Invasion Of The PC Snatchers
After cross-checking the IP addresses with the logged User-Agent, I found that, if the User-Agent info is real, most of these addresses are perfectly ordinary Windows PCs (or proxies/gateways for PCs). But let me rephrase that -
all of the User-Agent strings were variations of Microsoft Internet Explorer.
All of them. Of course, if these are spamming scripts, a fake User-Agent is the best way to dodge .htaccess filtering like what I use, but the hostnames above tell a very different story. It's highly unlikely that all of those hosts are running HTTP spamming scripts voluntarily.

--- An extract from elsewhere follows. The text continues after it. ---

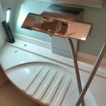 浴槽の循環フィルターのつまりや、シャワーのサーモスタットの不具合が考えられ、部品や本体の交換を行います。
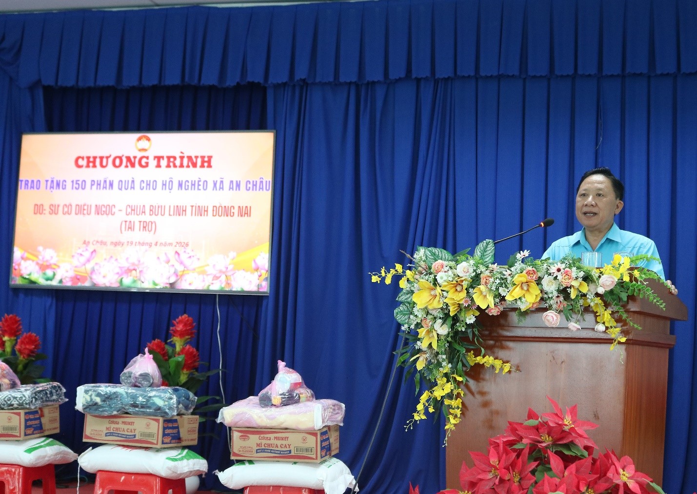 Phát biểu tại chương trình, ông Hồ Hữu Tài – Phó Bí thư Đảng ủy, Chủ tịch UBND xã gửi lời cám ơn và trân trọng sự đóng góp của quý nhà hảo tâm đã dành cho bà con hộ nghèo, hộ có hoàn cảnh khó khăn trên địa bàn xã An Châu, mong rằng, địa phương sẽ tiếp tục nhận được sự quan tâm, hỗ trợ của quý nhà hảo tâm cho công tác an sinh xã hội trong thời gian tới. Chủ tịch UBND xã cũng chia sẻ những khó khăn cùng bà con hộ nghèo, hộ khó khăn. Với những phần quà nghĩa tình sẽ tạo động lực để bà con vươn lên, vượt qua khó khăn, sớm ổn định cuộc sống.

My guess is that trojans don't just generate "regular" spam, and that someone has coded a minimal HTTP spam trojan that uses the existing HTTP libraries on Windows.
(If I recall my MFC coding days correctly, the Windows HTTP libraries (at least the ones I used) issue requests that are indistinguishable from IE's and follow redirects automatically - a behaviour I also noticed from reading the raw logs.)
Or that there is some sort of malware doing the rounds that picks IP addresses (apparently at random) and issues HTTP requests with a pre-defined list of bogus referrers (so far, each IP address blocked has issued requests with at least 4 different bogus referrers, but the number might just be a fluke).
So there's a lot more happening on the Net that we're not (usually) aware of.
I'm glad these are apparently all Windows machines.
And then people wonder why corporate IT staff is getting more and more draconian every passing year.
Nah. Now that I think about it, it's just sad. Fortunately the press is catching up.
Update: More background info on previous tactics -
- textism: Refer Spamming
- BotWhack - a first attempt at filtering, relying on vanilla User-Agent strings.
- Porn Sites Hiding Behind Blogs
- Weblog spam - the cardinal Mark Pilgrim post.